AVAILABLE DATA >>
================================
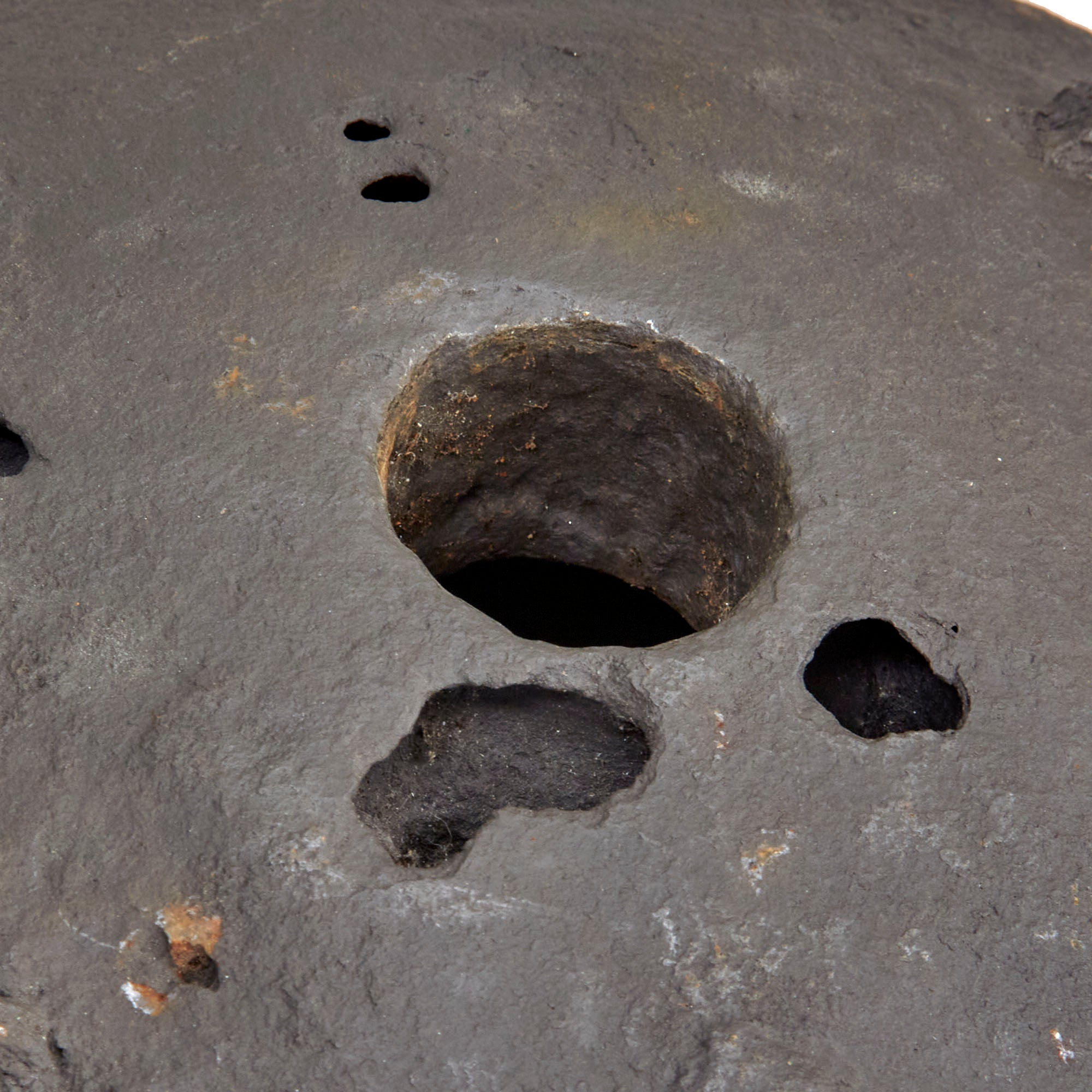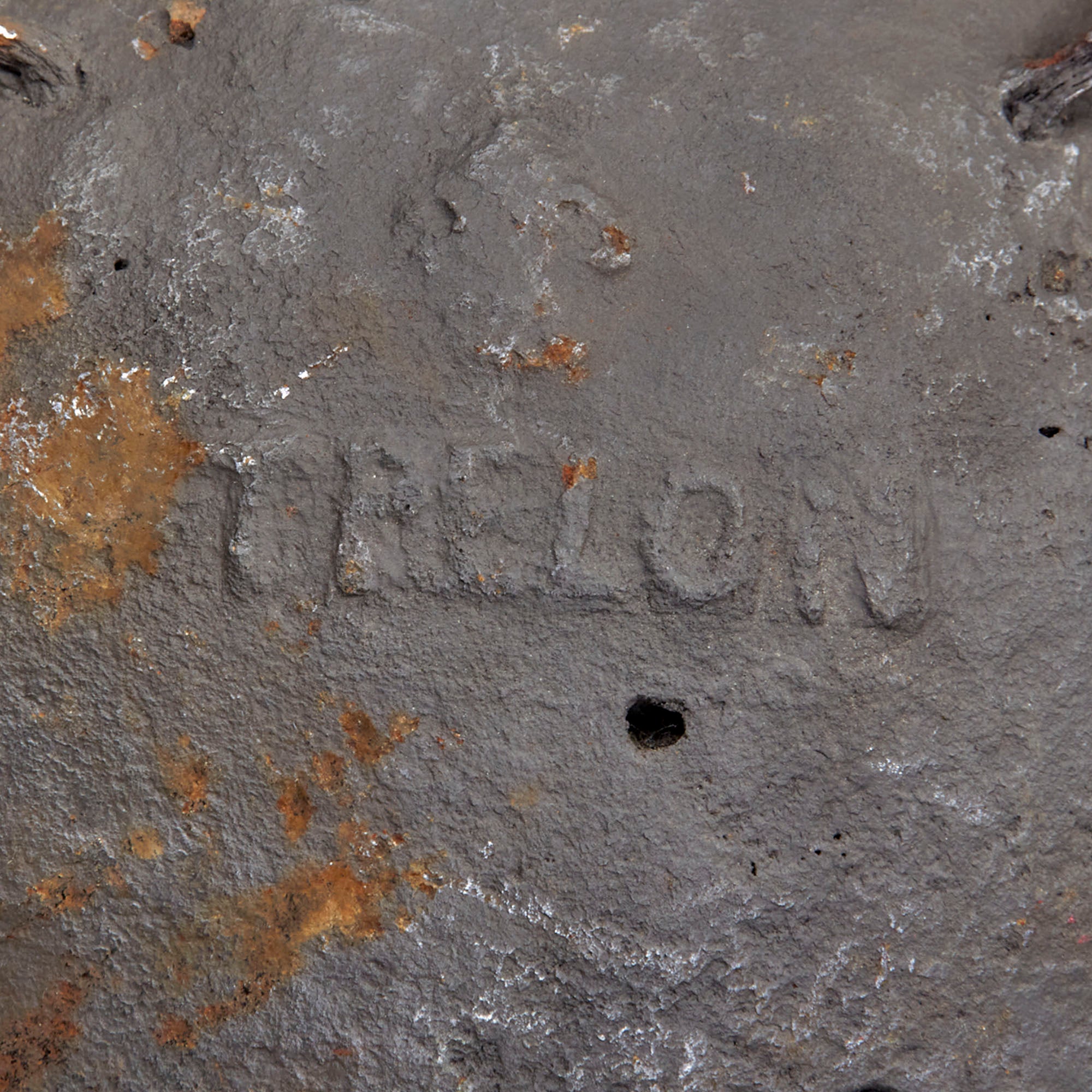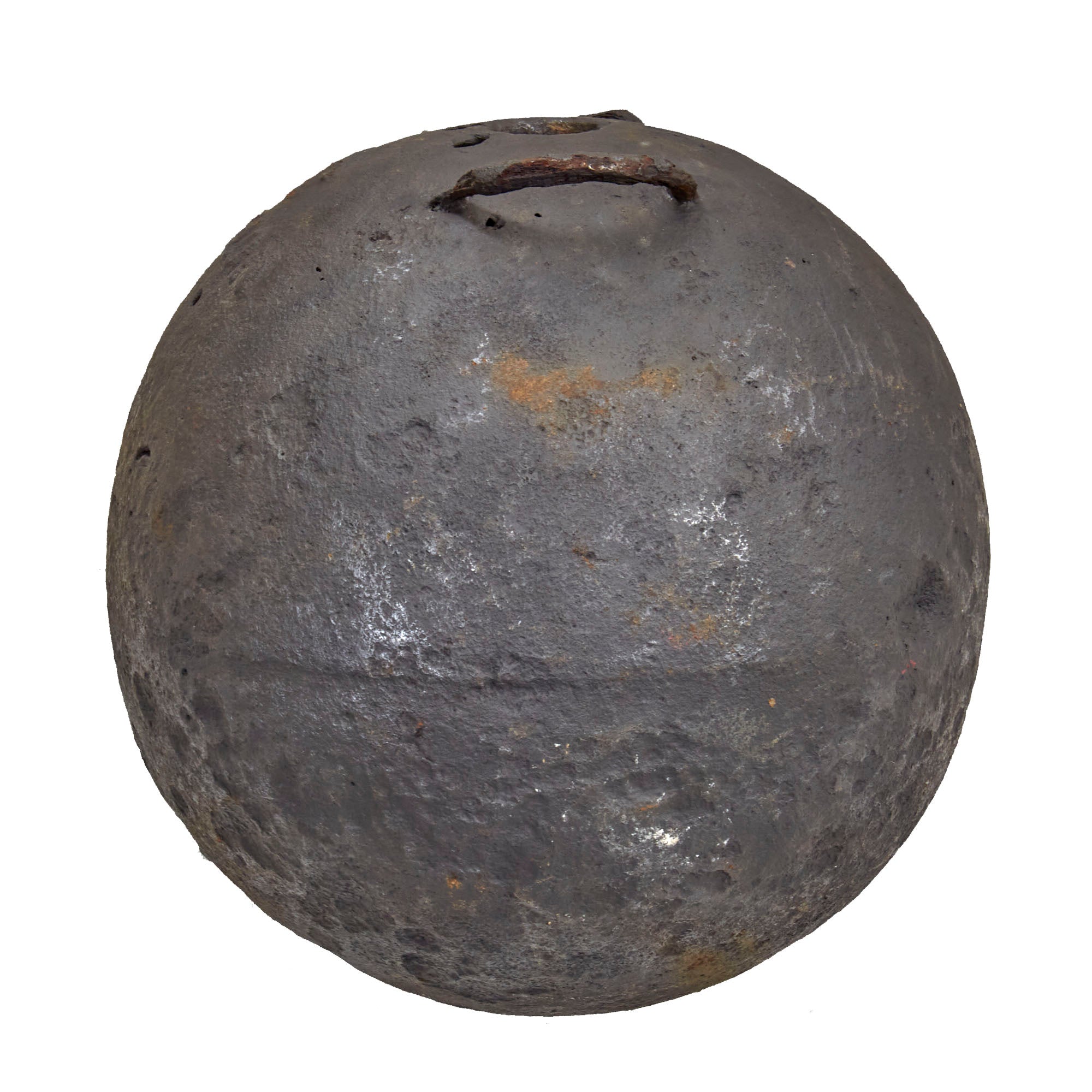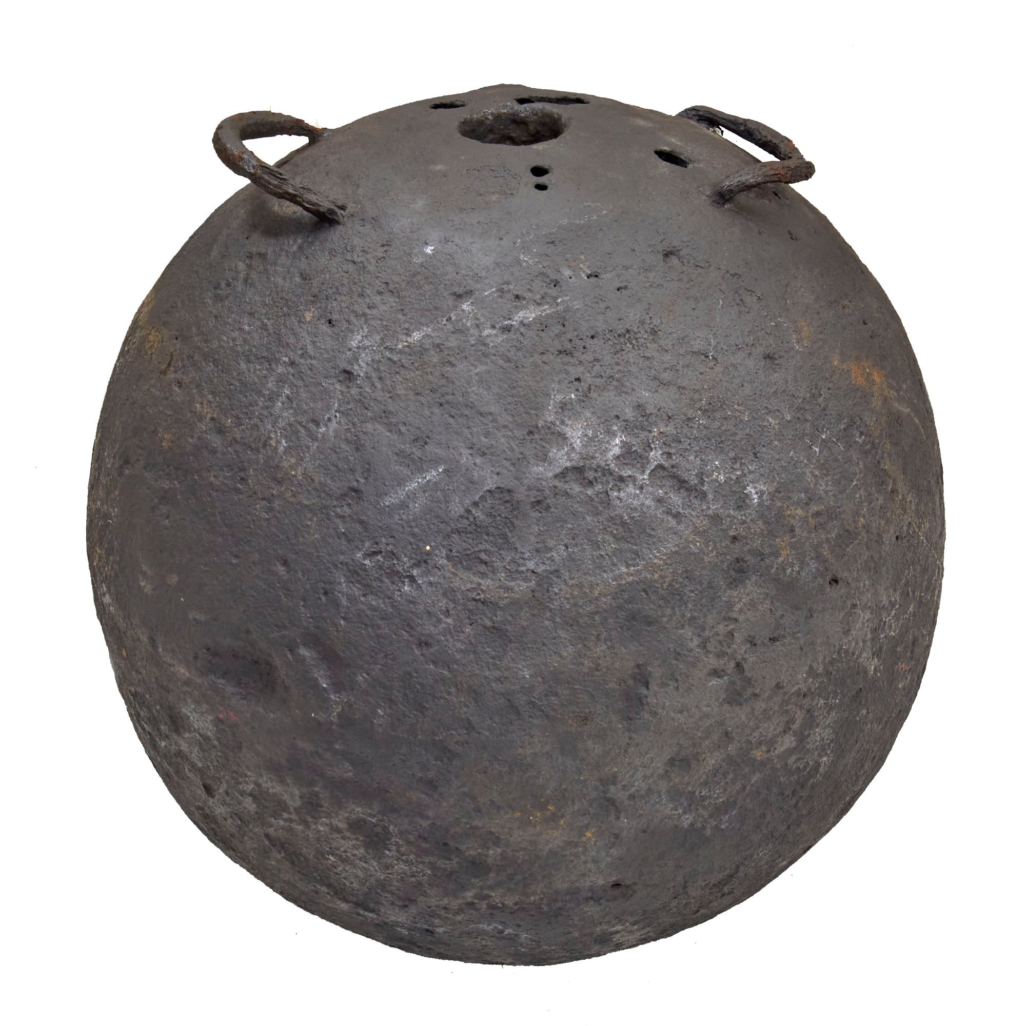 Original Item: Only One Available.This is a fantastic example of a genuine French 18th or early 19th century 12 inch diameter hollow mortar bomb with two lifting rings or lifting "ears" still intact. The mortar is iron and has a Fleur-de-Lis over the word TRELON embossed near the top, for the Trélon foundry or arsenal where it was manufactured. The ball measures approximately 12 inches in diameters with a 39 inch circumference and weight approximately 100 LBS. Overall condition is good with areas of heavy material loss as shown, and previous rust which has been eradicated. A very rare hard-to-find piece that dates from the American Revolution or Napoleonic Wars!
================================
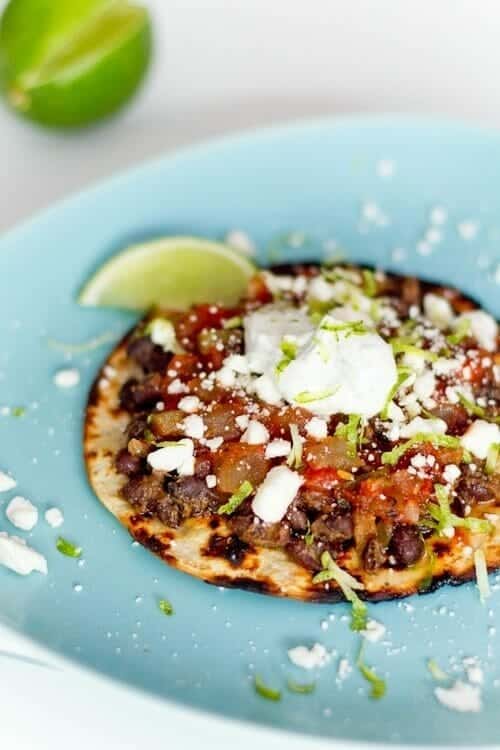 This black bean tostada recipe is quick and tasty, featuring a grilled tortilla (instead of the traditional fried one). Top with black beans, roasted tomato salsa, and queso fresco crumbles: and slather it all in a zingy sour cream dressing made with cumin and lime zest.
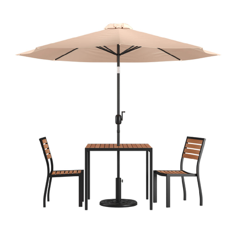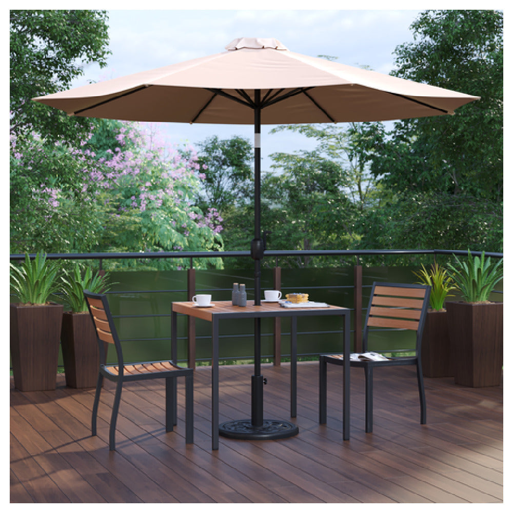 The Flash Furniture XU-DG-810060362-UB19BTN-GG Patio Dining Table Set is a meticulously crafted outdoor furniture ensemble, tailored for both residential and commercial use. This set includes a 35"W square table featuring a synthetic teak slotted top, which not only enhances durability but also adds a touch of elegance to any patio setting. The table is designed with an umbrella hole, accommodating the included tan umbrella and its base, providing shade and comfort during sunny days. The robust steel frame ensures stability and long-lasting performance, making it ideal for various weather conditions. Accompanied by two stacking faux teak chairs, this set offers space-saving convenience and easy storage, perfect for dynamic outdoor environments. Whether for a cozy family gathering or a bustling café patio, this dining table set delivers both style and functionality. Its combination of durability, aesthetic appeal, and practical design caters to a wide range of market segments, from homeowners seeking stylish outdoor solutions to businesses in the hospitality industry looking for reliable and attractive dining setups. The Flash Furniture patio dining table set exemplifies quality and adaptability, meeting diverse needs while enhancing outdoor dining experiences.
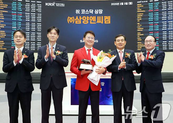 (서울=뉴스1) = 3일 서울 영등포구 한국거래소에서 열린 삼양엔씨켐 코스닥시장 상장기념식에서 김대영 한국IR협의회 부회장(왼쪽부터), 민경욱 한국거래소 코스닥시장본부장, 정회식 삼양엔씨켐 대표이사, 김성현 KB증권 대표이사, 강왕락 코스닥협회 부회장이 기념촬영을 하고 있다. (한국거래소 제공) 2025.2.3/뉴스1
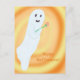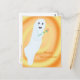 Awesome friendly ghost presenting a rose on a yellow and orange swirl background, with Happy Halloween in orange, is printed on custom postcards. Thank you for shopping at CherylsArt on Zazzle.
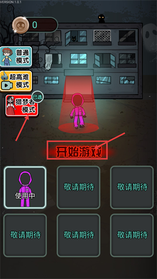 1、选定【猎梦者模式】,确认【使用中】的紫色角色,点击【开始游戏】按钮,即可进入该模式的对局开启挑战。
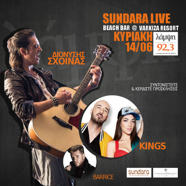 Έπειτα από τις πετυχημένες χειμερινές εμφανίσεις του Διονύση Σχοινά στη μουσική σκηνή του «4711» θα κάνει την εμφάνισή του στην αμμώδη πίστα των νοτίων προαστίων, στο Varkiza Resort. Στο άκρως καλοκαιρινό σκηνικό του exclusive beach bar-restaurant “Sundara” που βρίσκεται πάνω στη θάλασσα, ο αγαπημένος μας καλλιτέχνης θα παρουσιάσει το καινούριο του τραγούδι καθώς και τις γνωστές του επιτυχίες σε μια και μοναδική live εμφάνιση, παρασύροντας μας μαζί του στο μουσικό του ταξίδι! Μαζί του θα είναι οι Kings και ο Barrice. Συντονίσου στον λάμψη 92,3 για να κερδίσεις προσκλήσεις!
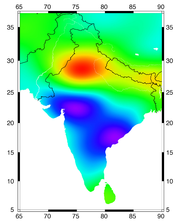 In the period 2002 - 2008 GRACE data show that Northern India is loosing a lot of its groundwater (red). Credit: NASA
================================
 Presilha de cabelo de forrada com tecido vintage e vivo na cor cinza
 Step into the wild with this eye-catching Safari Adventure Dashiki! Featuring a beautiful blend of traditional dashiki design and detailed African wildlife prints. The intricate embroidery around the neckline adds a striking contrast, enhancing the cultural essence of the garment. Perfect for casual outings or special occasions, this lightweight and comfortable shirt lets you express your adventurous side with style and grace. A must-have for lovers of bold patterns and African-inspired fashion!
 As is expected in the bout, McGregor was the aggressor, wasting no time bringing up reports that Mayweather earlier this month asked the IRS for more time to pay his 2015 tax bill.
================================
THE TASK >>
Output only the stretch above from the line with "Έπειτα από τις" through the line with "In the period", reproduced exactly. Exclude pictures.

ANSWER BELOW >>
 Έπειτα από τις πετυχημένες χειμερινές εμφανίσεις του Διονύση Σχοινά στη μουσική σκηνή του «4711» θα κάνει την εμφάνισή του στην αμμώδη πίστα των νοτίων προαστίων, στο Varkiza Resort. Στο άκρως καλοκαιρινό σκηνικό του exclusive beach bar-restaurant “Sundara” που βρίσκεται πάνω στη θάλασσα, ο αγαπημένος μας καλλιτέχνης θα παρουσιάσει το καινούριο του τραγούδι καθώς και τις γνωστές του επιτυχίες σε μια και μοναδική live εμφάνιση, παρασύροντας μας μαζί του στο μουσικό του ταξίδι! Μαζί του θα είναι οι Kings και ο Barrice. Συντονίσου στον λάμψη 92,3 για να κερδίσεις προσκλήσεις!
 In the period 2002 - 2008 GRACE data show that Northern India is loosing a lot of its groundwater (red). Credit: NASA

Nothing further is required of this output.